• [Records to use]
============

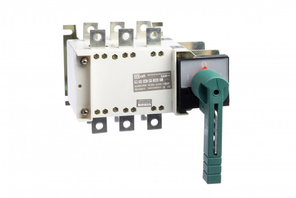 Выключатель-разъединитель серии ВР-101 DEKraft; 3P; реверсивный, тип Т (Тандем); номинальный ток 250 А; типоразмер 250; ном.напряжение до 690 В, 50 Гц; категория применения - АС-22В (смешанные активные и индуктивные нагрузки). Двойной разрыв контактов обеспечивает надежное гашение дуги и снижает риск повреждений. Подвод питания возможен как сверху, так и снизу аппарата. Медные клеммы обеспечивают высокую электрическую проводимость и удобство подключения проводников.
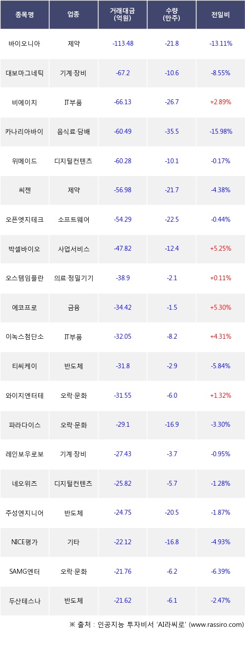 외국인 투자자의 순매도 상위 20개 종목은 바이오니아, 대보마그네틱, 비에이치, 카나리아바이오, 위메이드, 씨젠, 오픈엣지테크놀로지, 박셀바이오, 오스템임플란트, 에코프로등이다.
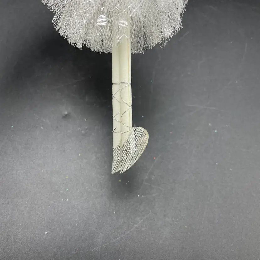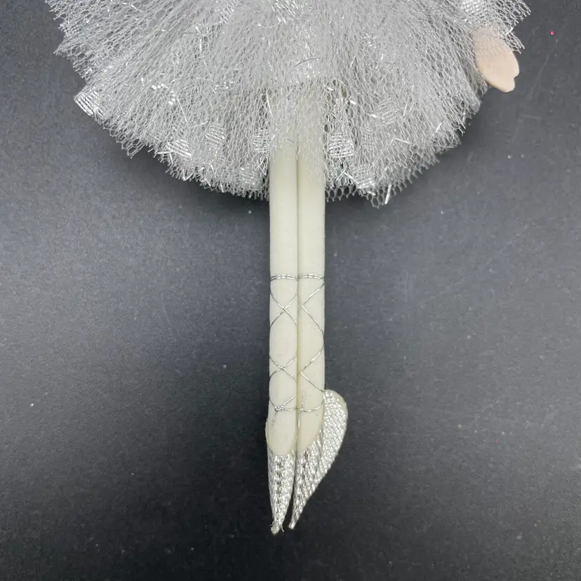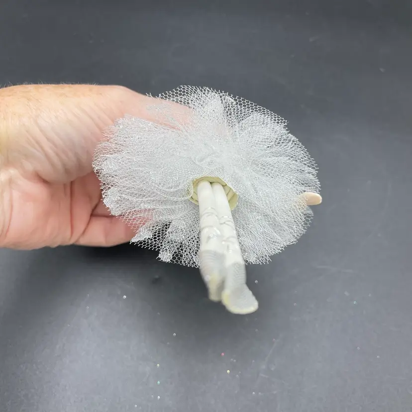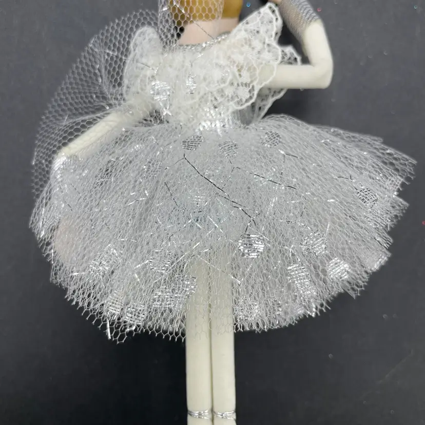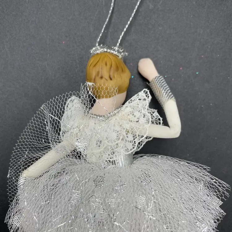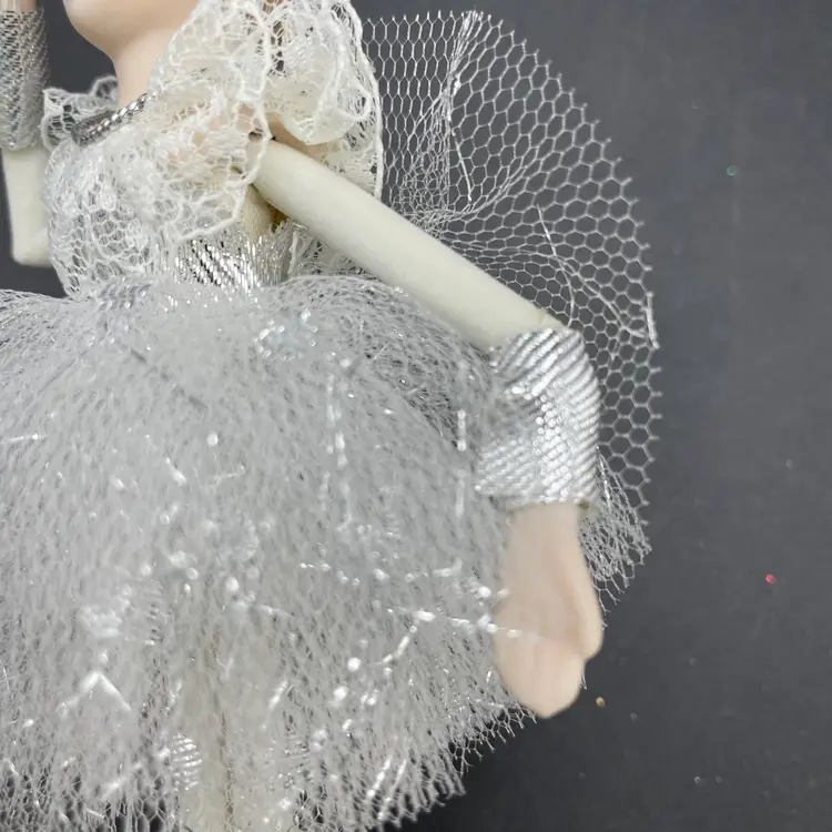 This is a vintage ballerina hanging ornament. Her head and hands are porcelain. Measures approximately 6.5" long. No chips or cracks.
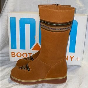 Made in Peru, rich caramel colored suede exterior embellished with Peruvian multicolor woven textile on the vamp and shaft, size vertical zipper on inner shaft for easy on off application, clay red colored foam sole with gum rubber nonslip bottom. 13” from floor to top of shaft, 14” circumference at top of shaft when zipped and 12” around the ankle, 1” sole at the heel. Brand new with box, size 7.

============

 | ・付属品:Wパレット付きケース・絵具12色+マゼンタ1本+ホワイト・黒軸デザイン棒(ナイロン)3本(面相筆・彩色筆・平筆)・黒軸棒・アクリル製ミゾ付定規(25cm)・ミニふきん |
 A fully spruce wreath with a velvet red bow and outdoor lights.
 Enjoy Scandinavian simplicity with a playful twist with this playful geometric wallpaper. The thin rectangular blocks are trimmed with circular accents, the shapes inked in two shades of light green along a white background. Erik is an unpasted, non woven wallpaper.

============

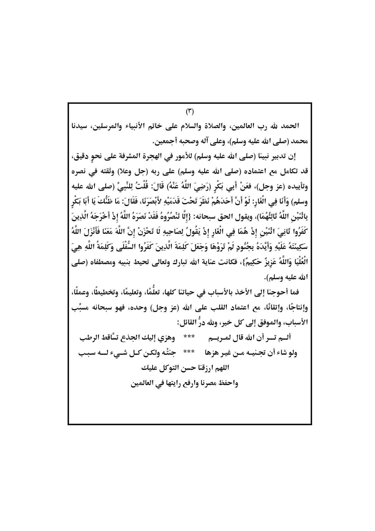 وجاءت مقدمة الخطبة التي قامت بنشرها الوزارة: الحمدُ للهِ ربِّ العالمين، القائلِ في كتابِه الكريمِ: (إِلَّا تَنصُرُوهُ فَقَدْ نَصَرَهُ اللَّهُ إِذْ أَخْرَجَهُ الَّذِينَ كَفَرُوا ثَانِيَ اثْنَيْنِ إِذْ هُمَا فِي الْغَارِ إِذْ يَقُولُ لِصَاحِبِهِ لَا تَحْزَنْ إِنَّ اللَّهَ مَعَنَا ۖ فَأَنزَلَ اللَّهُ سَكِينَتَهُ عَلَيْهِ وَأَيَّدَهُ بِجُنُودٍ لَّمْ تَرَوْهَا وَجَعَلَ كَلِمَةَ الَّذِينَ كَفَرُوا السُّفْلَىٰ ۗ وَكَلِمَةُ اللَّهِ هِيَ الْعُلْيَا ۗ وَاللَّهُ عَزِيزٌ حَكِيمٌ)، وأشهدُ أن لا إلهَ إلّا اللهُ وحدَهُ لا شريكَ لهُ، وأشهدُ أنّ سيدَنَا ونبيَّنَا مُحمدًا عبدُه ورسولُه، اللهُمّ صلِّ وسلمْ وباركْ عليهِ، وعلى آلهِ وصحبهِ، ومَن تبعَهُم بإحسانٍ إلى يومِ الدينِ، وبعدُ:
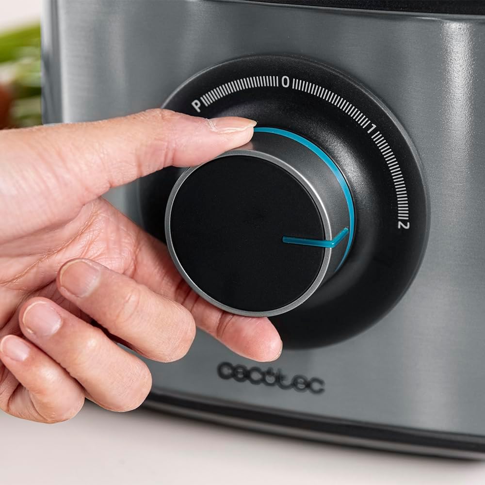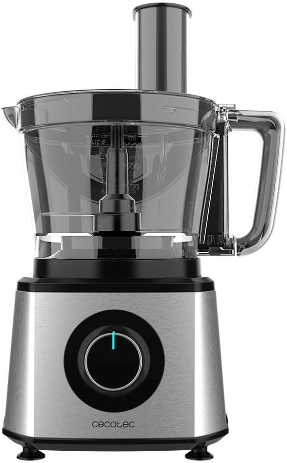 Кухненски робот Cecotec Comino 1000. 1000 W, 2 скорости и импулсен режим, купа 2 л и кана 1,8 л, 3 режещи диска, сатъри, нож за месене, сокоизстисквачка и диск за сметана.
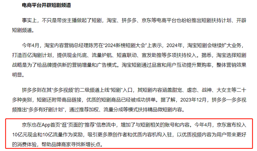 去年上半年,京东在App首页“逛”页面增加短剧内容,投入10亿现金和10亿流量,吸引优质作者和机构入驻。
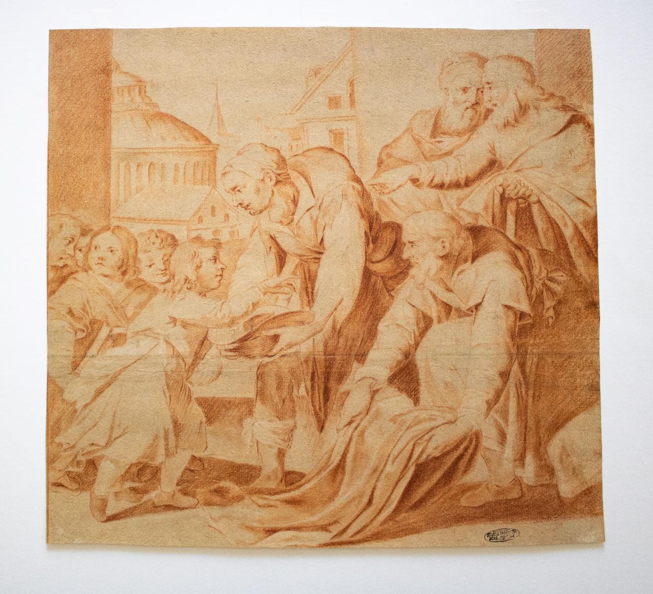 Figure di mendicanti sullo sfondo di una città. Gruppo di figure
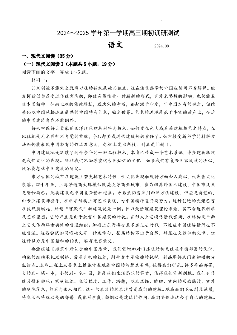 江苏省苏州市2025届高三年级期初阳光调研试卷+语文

============

• [Try it]
In the listing above, find the line containing "Figure di mendicanti". Output it and every line after it up to and including the line containing "江苏省苏州市2025届高三年级期初阳光调研试卷+语文", exactly, but skip the pictures.

• [Task output]
 Figure di mendicanti sullo sfondo di una città. Gruppo di figure
 江苏省苏州市2025届高三年级期初阳光调研试卷+语文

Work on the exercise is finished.